Wouldn't it be ironic if it was these God-fearing Pentacostalists, and not
the Godless Communists, that turn people away from Christianity and towards
becoming Atheists?


#10 of 60 by brighn on Sat Oct 28 06:42:29 1995:

Why use the conditional, Bruin?

this is why *I* stopped being a Christian.  It had nothing to do with my
moderate Methodist father, it had to do with the guilt and horror of
the Religious Right.


#11 of 60 by bruin on Sat Oct 28 13:29:18 1995:

I talked with my mother this morning about these practices, and we both agree
that if we have to put up with this Religious Right crap in Heaven, we'd
rather be in Hell.  But then again, maybe what is Hell for me is Heaven for
them.  Anyway, to quote the late Frank Zappa, "If there's a Hell, it waits
for them; not for us!"


#12 of 60 by bjorn on Sat Oct 28 15:43:21 1995:

If there's a hell, I've already been there, for it exists in the physical
world.
Aren't Jack o' laterns really to help the poor spirit find his way?  That's
the way I learned about Jack's plight.


#13 of 60 by starwolf on Mon Oct 30 16:26:42 1995:

I believe that's right...I recently learned an incantation to welcome such
wayward individuals by candlelight...


#14 of 60 by val on Mon Oct 30 22:36:06 1995:

Random thoughts on
Cats used to be considered evil in Europe.  People would kill cats if they
could get there hands on them and in France they used to throw them
out of the window of some large public building on some holiday <if i 
remeber my facts straight>  This is why the Plague got such a hold on Europe.
Cats were't welcome around residences, so rats flourished, and the fleas
on the rats then spread the Plague.



#15 of 60 by brighn on Tue Oct 31 03:01:06 1995:

BUT, the witches kept cats, and hence didn't have as many problems with rats.
The witches were also poor, and hence ate a lot of old, MOLDY bread...
By "witches" I mean the folk who were social outcasts, who tended not to
be such devout Christians (when they were Christian at all...)
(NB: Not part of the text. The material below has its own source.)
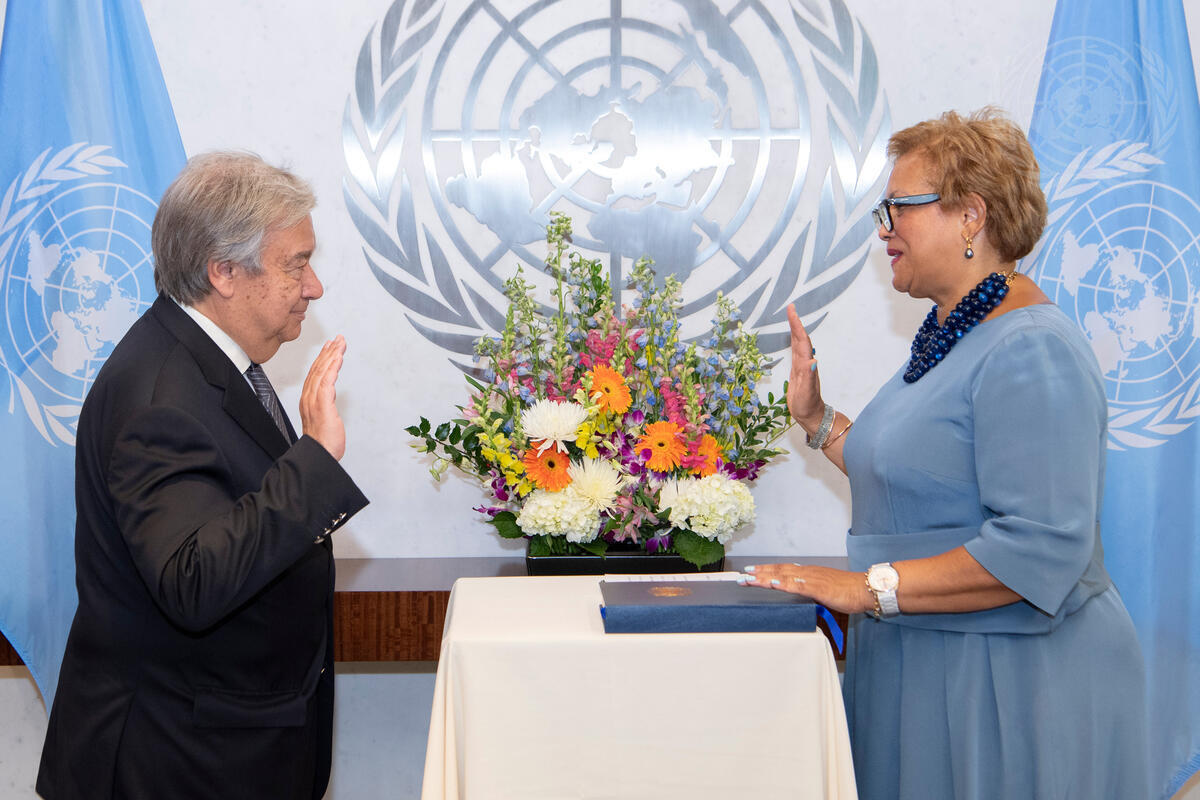 Secretary-General António Guterres (left) swears in Catherine Pollard, Under-Secretary-General for Management Strategy, Policy and Compliance.

#16 of 60 by kami on Tue Oct 31 04:30:39 1995:

re: # 12- that's right.
re: # 13- would you post it, please, and the source?
re: # 15- bingo!!!  And of course, since disease came from demons, and 
witches were in league with demons, they wouldn't get sick, right?  Ick!

I agree that refuting that particular bit of misinformation (#0), which is
pretty close in many facts but chooses a warped interpretation, would be
kinda pointless.  However, I *did* write a longish refutation to a newspaper
in DesMoines, Iowa for a letter from a Lutheran minister of similar ilk.
I posted it to the Nemeton list, along with the letter to which I was 
responding.  I can go retrieve it if folks want.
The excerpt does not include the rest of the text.